- [Exercise objective] The reply needs the lines from the one containing "ここからは昭和時代のうち戦前" through the end of the material, each repeated exactly, and no pictures.
[[ Available records, beginning ]]
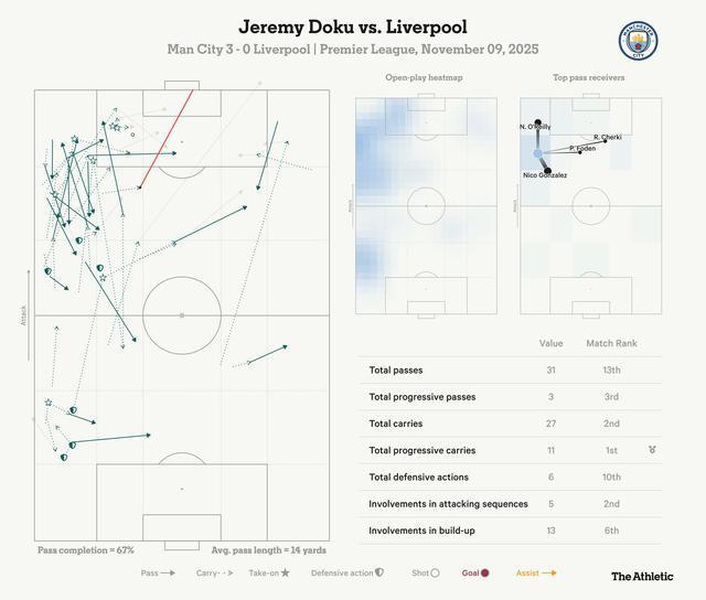 北京时间11月10日,英超第11轮迎来一场焦点大战,曼城在阿提哈德球场以3-0完胜利物浦。赛后,权威体育媒体The Athletic发表专题文章,对本场比赛进行了深度分析与点评。以下为详细报道。
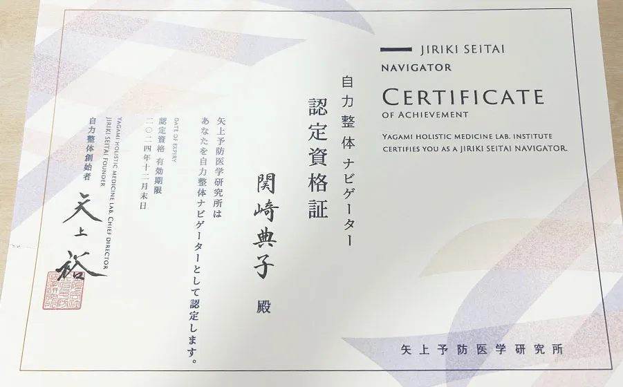 自力整体ナビゲーター認定証
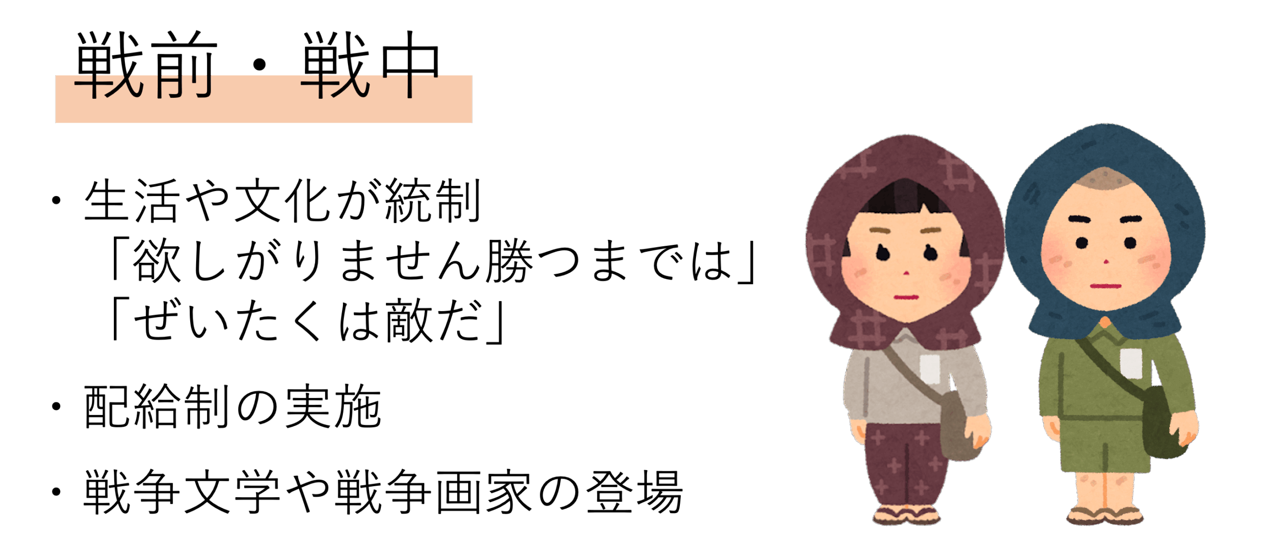 ここからは昭和時代のうち戦前・戦中の時期に注目して文化のあらましを抑えていきましょう。大前提として,日中戦争や太平洋戦争の最中にいるときの日本は戦争に全てのパワーを捧げているため,民衆から文化は取り上げられてしまいます。そのことを表すようなフレーズとしてほしがりません勝つまではというものやぜいたくは敵だというものが挙げられます。1941年には米不足への懸念から配給制が実施され,国民に国が食料や日用品を割りあてて配るようになり,生活はどんどん規制されていきます。
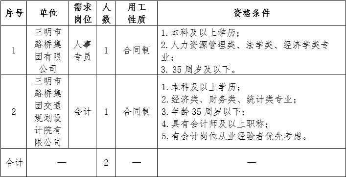 (一)公告。招聘崗位、人數(shù)、任職資格等信息在 “三明市路橋集團(tuán)”官網(wǎng)(www.023724.com)向社會(huì)統(tǒng)一公告。
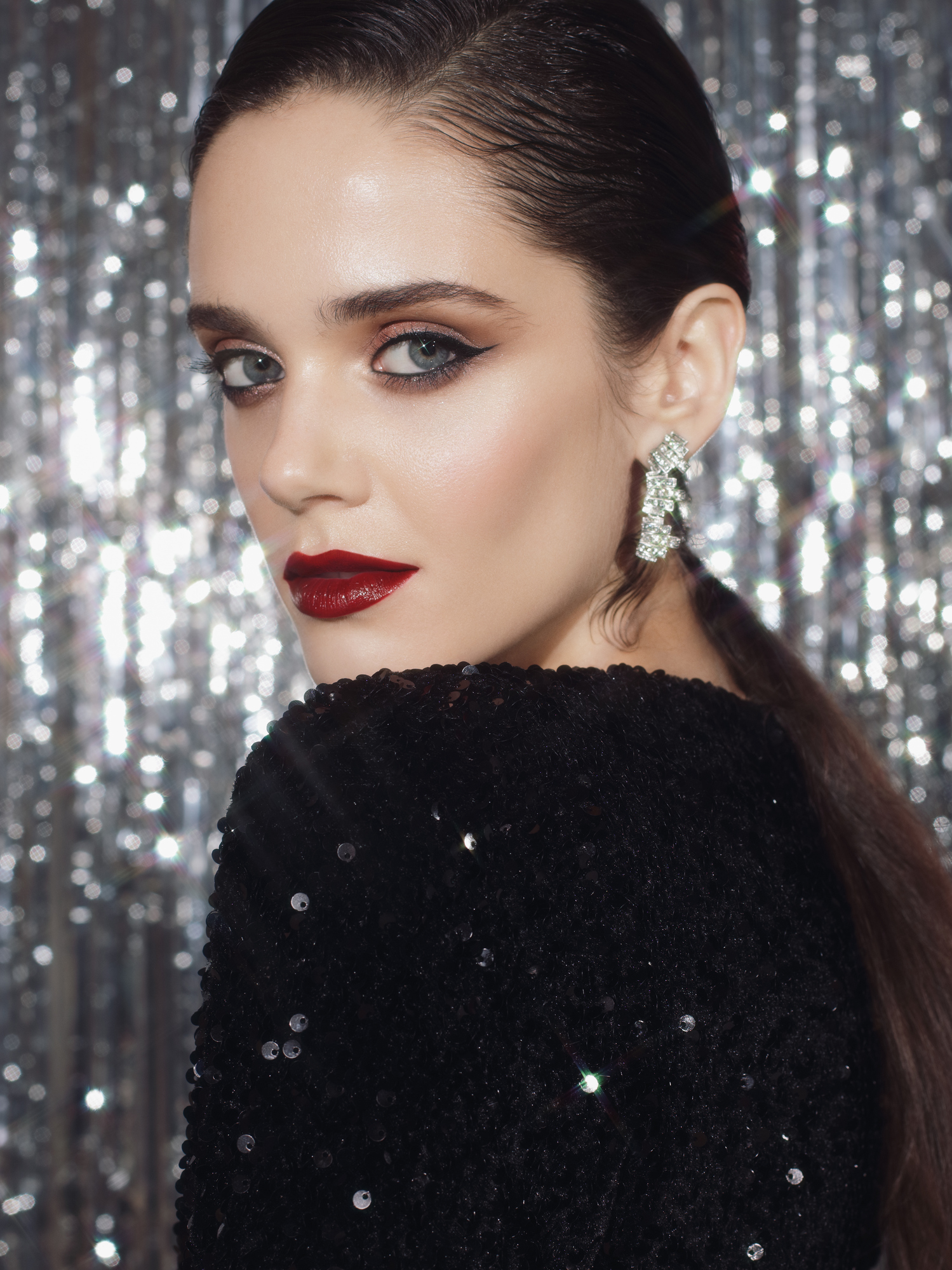 Στα μάτια, οι καθαρές γραμμές είναι το κλειδί. Nude σκιές, απαλό καφέ smokey ή απλώς καλοδουλεμένη μάσκαρα κρατούν το βλέμμα ισορροπημένο. Αν επιλέξεις eyeliner, προτίμησε λεπτή γραμμή για διακριτική ένταση. Τα έντονα glitter στα μάτια καλό είναι να αποφεύγονται, ώστε να μη “συγκρούονται” με τη λάμψη των χειλιών.
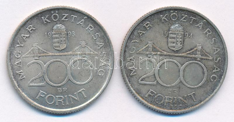 Leírás: 1993. 200Ft Ag "MNB" + 1994. 200Ft "Deák" T:AU,XF
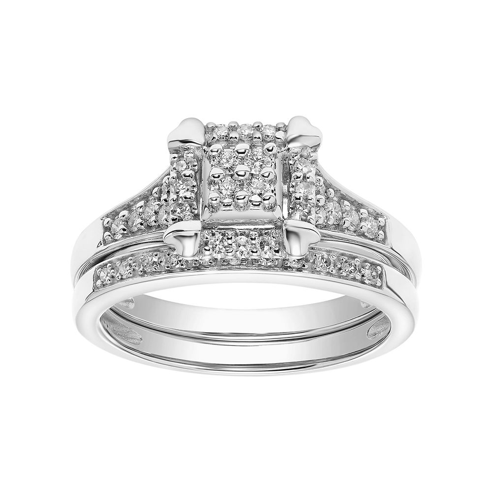 Lovemark 10k White Gold 1 3 Carat T W Square Cluster Engagement Ring Set
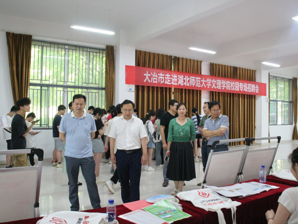 本网讯 (通讯员 肖劲光 拍摄 梁宏滨)为进一步促进江南online(中国)毕业生高质量充分就业,深化政校企三方合作,6月13日下午,江南online(中国)与大冶市人力资源与社会保障局、大冶湖高新技术产业开发区联合开展2023年“才聚荆楚·百县进百校”就业促进专项行动。校党委书记杨邓红、党委副书记杨之毛、副院长王胜国现场指导工作。
[[ Available records, end ]]
- [Written solution]
 ここからは昭和時代のうち戦前・戦中の時期に注目して文化のあらましを抑えていきましょう。大前提として,日中戦争や太平洋戦争の最中にいるときの日本は戦争に全てのパワーを捧げているため,民衆から文化は取り上げられてしまいます。そのことを表すようなフレーズとしてほしがりません勝つまではというものやぜいたくは敵だというものが挙げられます。1941年には米不足への懸念から配給制が実施され,国民に国が食料や日用品を割りあてて配るようになり,生活はどんどん規制されていきます。
 (一)公告。招聘崗位、人數(shù)、任職資格等信息在 “三明市路橋集團(tuán)”官網(wǎng)(www.023724.com)向社會(huì)統(tǒng)一公告。
 Στα μάτια, οι καθαρές γραμμές είναι το κλειδί. Nude σκιές, απαλό καφέ smokey ή απλώς καλοδουλεμένη μάσκαρα κρατούν το βλέμμα ισορροπημένο. Αν επιλέξεις eyeliner, προτίμησε λεπτή γραμμή για διακριτική ένταση. Τα έντονα glitter στα μάτια καλό είναι να αποφεύγονται, ώστε να μη “συγκρούονται” με τη λάμψη των χειλιών.
 Leírás: 1993. 200Ft Ag "MNB" + 1994. 200Ft "Deák" T:AU,XF
 Lovemark 10k White Gold 1 3 Carat T W Square Cluster Engagement Ring Set
 本网讯 (通讯员 肖劲光 拍摄 梁宏滨)为进一步促进江南online(中国)毕业生高质量充分就业,深化政校企三方合作,6月13日下午,江南online(中国)与大冶市人力资源与社会保障局、大冶湖高新技术产业开发区联合开展2023年“才聚荆楚·百县进百校”就业促进专项行动。校党委书记杨邓红、党委副书记杨之毛、副院长王胜国现场指导工作。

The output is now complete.